-------- DATASET ENTRIES --------

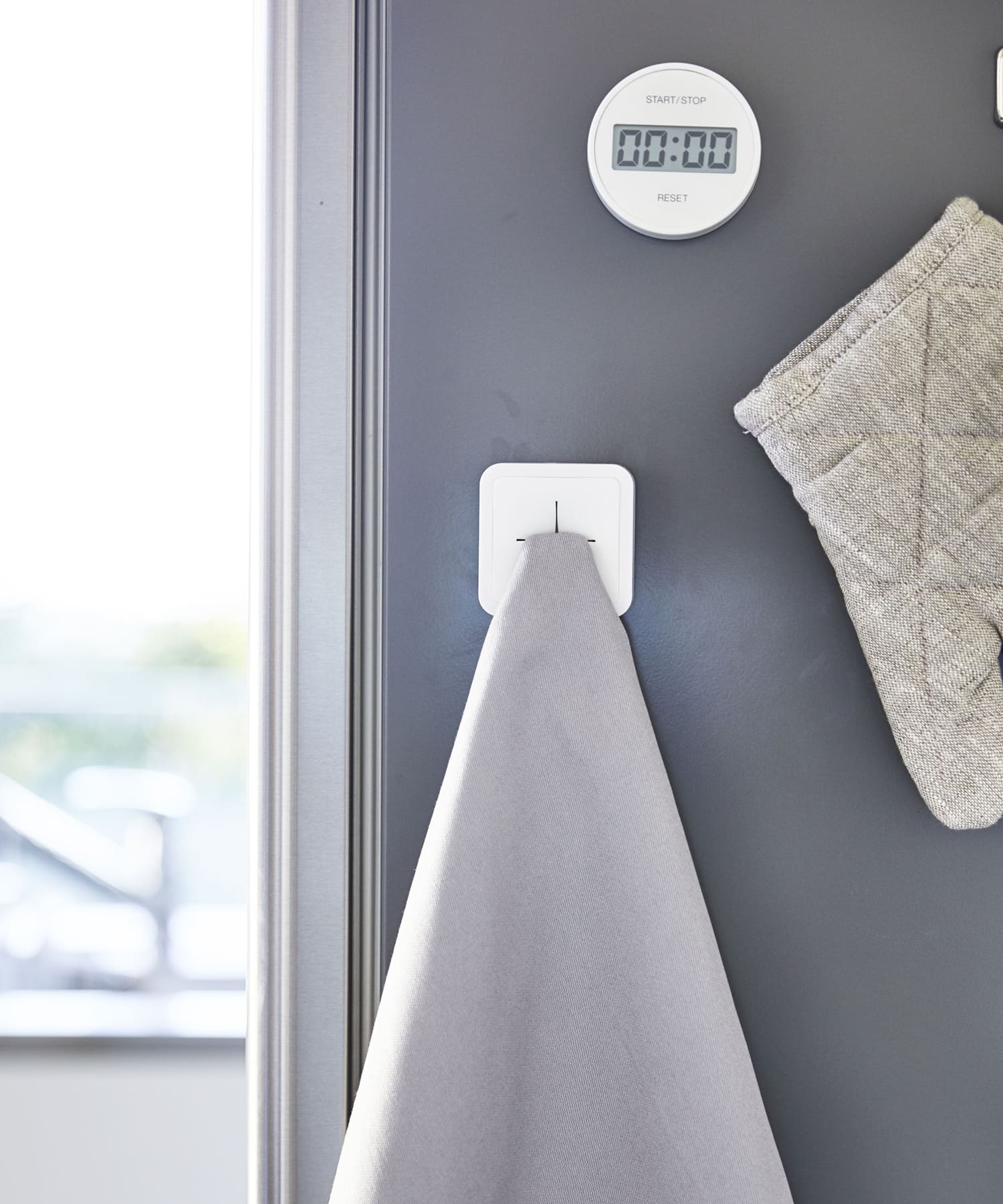 ,毛巾架可以很容易地用磁鐵固定在冰箱或類似的地方,使用起來很簡單。
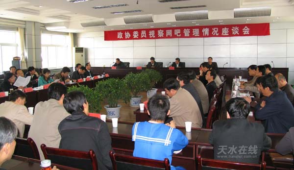 4月11日,市政協(xié)副主席陶元德帶領(lǐng)市政協(xié)科教文衛(wèi)體委員會(huì)及部分委員,對(duì)秦州、麥積兩區(qū)網(wǎng)吧管理情況進(jìn)行了專題視察,并特邀學(xué)校代表、學(xué)生代表和家長代表召開座談會(huì),聽取有關(guān)部門的工作匯報(bào),就進(jìn)一步加強(qiáng)全市網(wǎng)吧管理工作建言獻(xiàn)策。
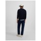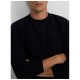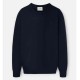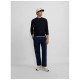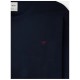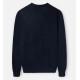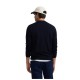 Classic navy blue sweater made from a cotton and cashmere blend. It features a round neck and long sleeves. It features a contrasting burgundy racquet embroidery on the torso. Specifications: - Material: 90% BCI Cotton, 10% Cashmere Care: - Hand wash - Wash separately - Do not use a dryer - Do not use bleach or whiteners - Iron at low temperature
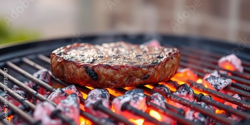 A perfectly cooked steak resting on a BBQ grill with hot coals radiating warmth and light, outdoor cooking equipment, food preparation methods
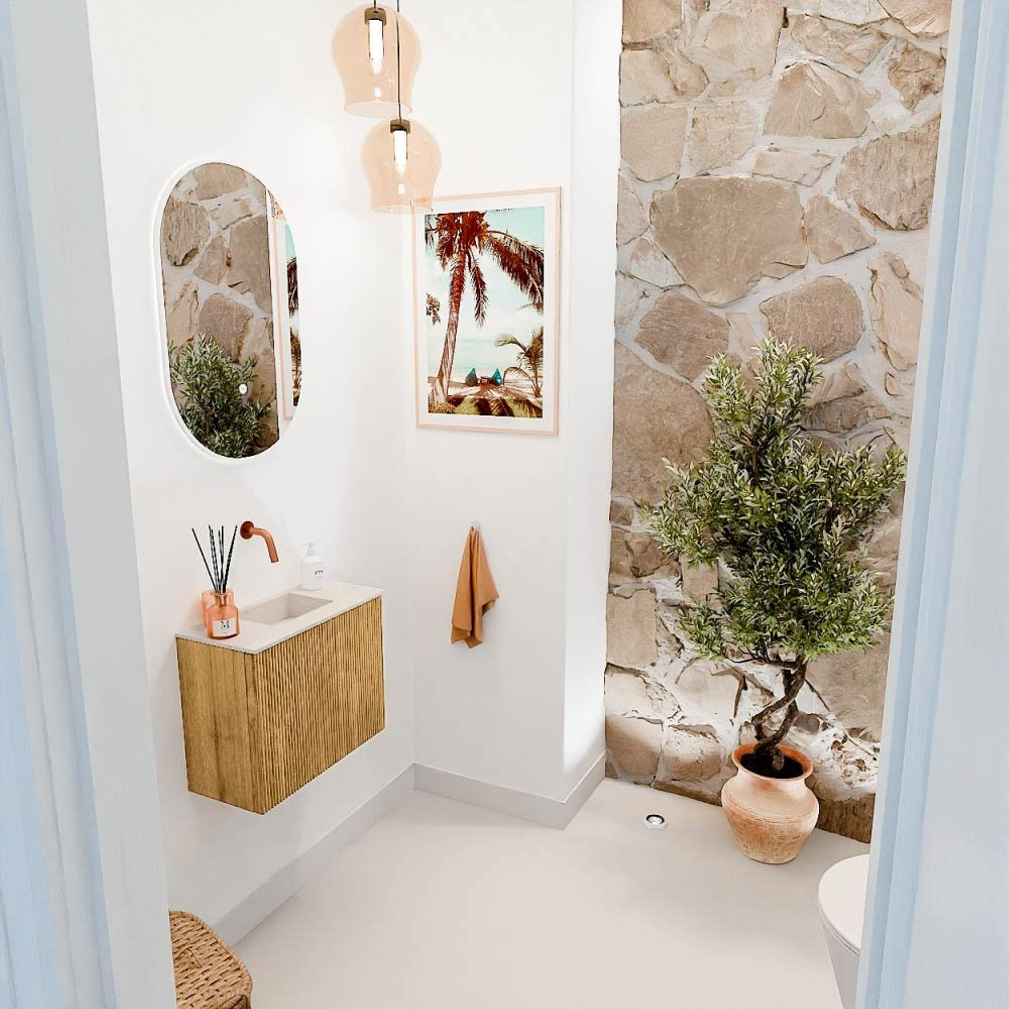De keuze voor massief eikenhout garandeert een lange levensduur en robuustheid. Dit meubel is bestand tegen de dagelijkse vochtigheid en intensief gebruik in de badkamer. Het eiken fineer aan de zijkanten zorgt voor een natuurlijke uitstraling zonder in te leveren op stevigheid. Door te investeren in kwaliteit ben je verzekerd van een meubel dat jarenlang meegaat en zijn charme behoudt. Zo combineer je duurzaamheid met een tijdloos design, wat ook nog eens goed is voor het milieu.

--------

- [PROBLEM REQUIREMENTS]:
Return every entry above word for word, and include no images.

- [SOLUTION]:
 ,毛巾架可以很容易地用磁鐵固定在冰箱或類似的地方,使用起來很簡單。
 4月11日,市政協(xié)副主席陶元德帶領(lǐng)市政協(xié)科教文衛(wèi)體委員會(huì)及部分委員,對(duì)秦州、麥積兩區(qū)網(wǎng)吧管理情況進(jìn)行了專題視察,并特邀學(xué)校代表、學(xué)生代表和家長代表召開座談會(huì),聽取有關(guān)部門的工作匯報(bào),就進(jìn)一步加強(qiáng)全市網(wǎng)吧管理工作建言獻(xiàn)策。
 Classic navy blue sweater made from a cotton and cashmere blend. It features a round neck and long sleeves. It features a contrasting burgundy racquet embroidery on the torso. Specifications: - Material: 90% BCI Cotton, 10% Cashmere Care: - Hand wash - Wash separately - Do not use a dryer - Do not use bleach or whiteners - Iron at low temperature
 A perfectly cooked steak resting on a BBQ grill with hot coals radiating warmth and light, outdoor cooking equipment, food preparation methods
De keuze voor massief eikenhout garandeert een lange levensduur en robuustheid. Dit meubel is bestand tegen de dagelijkse vochtigheid en intensief gebruik in de badkamer. Het eiken fineer aan de zijkanten zorgt voor een natuurlijke uitstraling zonder in te leveren op stevigheid. Door te investeren in kwaliteit ben je verzekerd van een meubel dat jarenlang meegaat en zijn charme behoudt. Zo combineer je duurzaamheid met een tijdloos design, wat ook nog eens goed is voor het milieu.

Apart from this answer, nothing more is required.